Discovering The Walking Dead was my Enlightenment. Reading it felt like watching a prestige cable drama that had been infused with B-movie horror aesthetics. I watched it as it evolved from a little black-and-white zombie comic into a juggernaut franchise centered around a show that has its own talk show right after it airs, during which we get to hear who Marilyn Manson and the dog from Air Bud think will die next. From the start, I knew it would make for a fun TV show. And it did. For a few seasons.
As the series went on, I worried about how closely it was sticking to the comics. Loyalty to the source material is the Utopian dream unreasonable comic book fans want out of a screen adaptation. There's probably some screaming idiot in a forum buried deep in the ass of IMDb to this day complaining about how Hawkeye doesn't wear his mask from the comics that makes him look like Barney the Dinosaur exploded all over Wolverine. The last two words spoken before the whole Earth erupts in nuclear fire will be "ACTUALLY, Watchmen-."
Comic book adaptations work best when the source material isn't treated like Holy Scripture, when the comics are treated like a free set of ideas which filmmakers can mix and match to best fit their needs. The Walking Dead may be a case of a comic adaptation being too faithful to its source. It's translated nearly all of the comic book's strengths (unflinching depictions of humanity at its worst, powerful displays of raw human vulnerabilities, the occasional tiny drops of optimism that dangle in front of the survivors like carrots), and its weaknesses, with the prime one being a refusal to end the story.

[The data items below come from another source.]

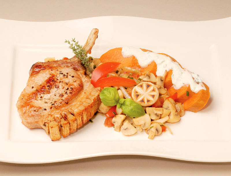 Rippenstück vom Schwein mit Kruste, Dampfkartoffel und Pilz-Zwiebel-Gemüse |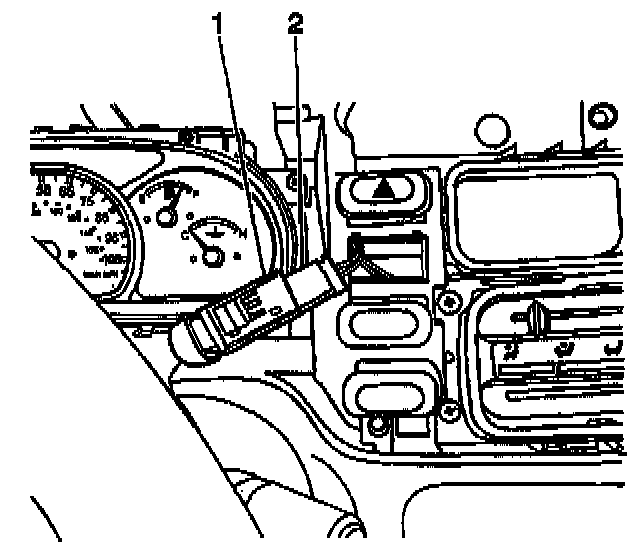 12. Using a taped flat bladed tool, gently pry the hazard warning switch (1) from the instrument panel.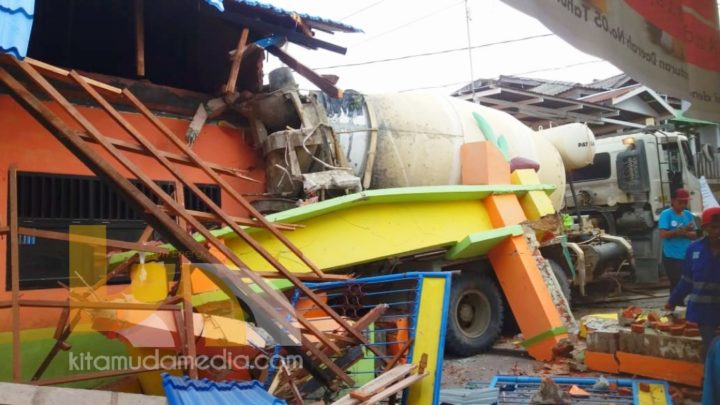 KLAUSANEWS, Bontang – Sebuah mobil truk molen pengaduk semen terperosok hingga menabrak gedung sekolah SDN 005 Bontang Selatan, pada Jumat (06/12/2019) sekira pukul 16.00 Wita. Akibatnya, dua ruangan yakni ruang rapat dan musala mengalami kerusakan. Begitu pun dengan pagar sekolah yang juga ikut ambruk.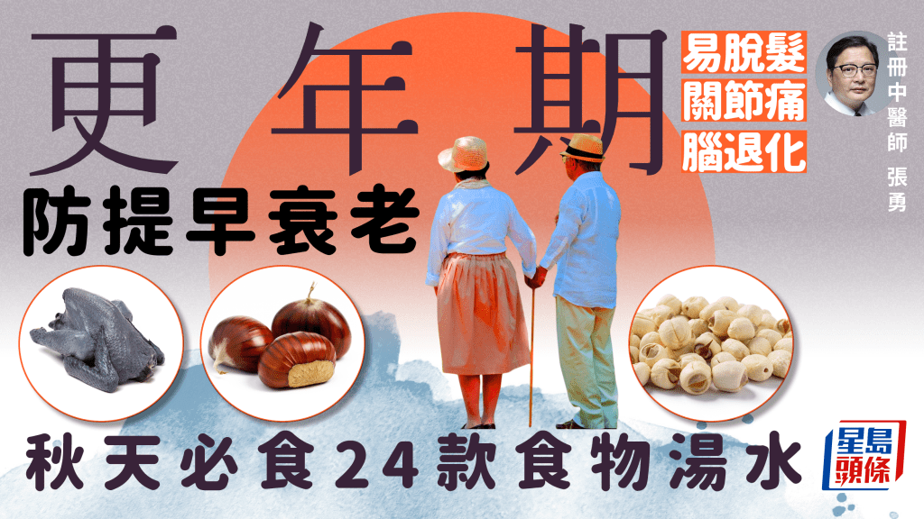 更年期飲食|女性更年期是指在停經(jīng)前后,卵巢功能自旺盛狀態(tài)逐漸衰退及消失,荷爾蒙分泌量下降,引致某些生理和心理轉(zhuǎn)變的一段時期。至于男性,因男性荷爾蒙水平下降,亦有機(jī)會步入更年期,并出現(xiàn)一些跟女性更年期相似的癥狀。注冊中醫(yī)師張勇教如何在秋天著手調(diào)理,預(yù)防提早衰老、紓緩更年期不適的養(yǎng)生方法。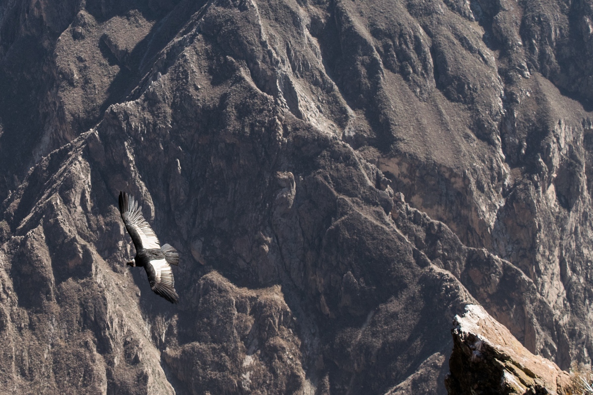Dojeżdżamy na Mirador Cruz del Cóndor i zajmujemy całkiem dobre miejsca przy barierce na górnym tarasie. Sama słynna skała jest już oblężona, ale nasza pozycja również jest bardzo dobra. Mija niespełna 20min, kiedy nadciągają pierwsze ptaki. Majestatycznie szybują nad naszymi głowami. Starsza podchodzą do ludzi z rezerwą - są bardziej zajęte swoimi sprawami. Młodsze, upierzone na brązowo, są zuchwałe, chętne do interakcji z człowiekiem. Niektóre z nich przelatują tuz nad głowami osób siedzących na skale. w tych chwilach cieszymy się, że stoimy przy naszej barierce. Czas mija, a ptaków nie ubywa, jedne odlatują, inne przylatują. Spektakl trwa i trwa. Po około 40 minutach żaden nory kondor nie pojawia się w kanionie, więc idziemy na dolne piętro podziwiać widoki. Gdy mijamy słynna skalę z pamiątkową tabliczką, naszym oczom ukazują się kolejne ptaki. A zatem mamy bis spektaklu! Bo tak należy nazwać to, co kondory robią nad naszymi głowami - to prawdziwy spektakl natury. Bis trwa drugie tyle co pierwsza część. A może to nie bis, tylko druga połowa przedstawienia? W każdym razie jesteśmy zachwyceni i zszokowani, bo spodziewaliśmy się maksymalnie kilku kondorów, a tu otrzymujemy półtora-godziny pokaz.

Walking Dead creator Robert Kirkman has said for years that he knows how the comic book ends; it's just a matter of building toward that end. I have no doubt that's true. It's inconceivable to have been working on something for nearly 15 years and not have figured out where it's going by now. But even as a fan who holds the comic near and dear, I'm starting to tap my foot and look at my watch. Even in the comics, this impressive feat of longform storytelling is starting to hit a narrative plateau. The show is hitting that same wall, but faster.